With the advances we need to make for our seniors in the communities across the province, including in home care and long-term care, this year will be a year of change and progress, of doing things differently so that we can achieve better results, of finding the best ways to stretch every one of our $4.1 billion.
I think I have time probably for just one example. This year under a new procurement policy province-wide we will save $1 million in just the ordering of the required number of pacemakers for our health care system.
Some would suggest that we shouldn't change - that we should fight to keep the status quo. Well, we know where the status quo will keep us and it just isn't good enough. Nova Scotia has some of the highest rates of childhood obesity and chronic disease in Canada, an aging population with complex health needs and long wait times for many procedures. This situation is unsustainable and completely unacceptable. Maintaining the status quo would only draw on our financial resources more, limit our choices and get us the same poor health outcomes we've realized to date. As the Minister of Health and Wellness, and as Minister of Seniors, I won't stand by and let that happen.
Future generations are counting on us to make the kinds of decisions today that will lead to a brighter tomorrow. Our Premier, the Minister of Finance and Treasury Board and several ministers have spoken in the House about fiscal discipline and I agree with them - that without this discipline, we won't be able to plan very far into the future. Taking control now hurts a little, but it will set us up for better days when we have more options to address the things that matter most to Nova Scotians - better education, more support for vulnerable children and families, taking care of our seniors and having access to quality health care. These are all topping the list.

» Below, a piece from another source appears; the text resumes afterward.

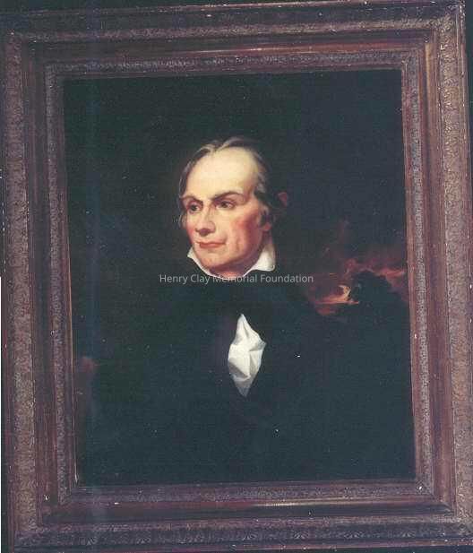 Head and shoulders portrait of Henry Clay attributed to John Neagle. Clay is shown in looking to his right, wearing a dark jacket and tie with a high, white collar. A tree is shown in the background to the right. Framed in a wide, gilt frame. Canvas is adhered to a backboard.Dimensions

We can have the province we all want and deserve. I see that future. I want to be part of building that future for my family, my neighbours and the good people of Kings West and for all Nova Scotians.
I will close now by once again thanking all the members of this committee for your questions and comments about the Department of Seniors and the Department of Health and Wellness. My thanks to Dr. Vaughan and Mr. Elliott and department staff who have worked so hard to support my work and the people of this province.
MADAM CHAIRMAN: Shall Resolution E11 stand?
The resolution stands.
Resolution E36 - Resolved, that a sum not exceeding $1,496,000 be granted to the Lieutenant Governor to defray expenses in respect of the Department of Seniors, pursuant to the Estimate.
MADAM CHAIRMAN: Shall Resolution E36 carry?
The resolution is carried.
That concludes our 40 hours of estimates.
The honourable Chairman of the Subcommittee on Supply.
MS. PATRICIA ARAB: I'm pleased to report that the Subcommittee on Supply has met for the time allotted to it and considered the various estimates assigned to it.
MADAM CHAIRMAN: Shall all remaining resolutions carry?
The resolutions are carried.
The honourable Government House Leader.
HON. MICHEL SAMSON: Madam Chairman, I move that the Committee of the Whole on Supply do rise and that you report these estimates.
MADAM CHAIRMAN: The motion is carried.
The committee will now rise and report these estimates to the House.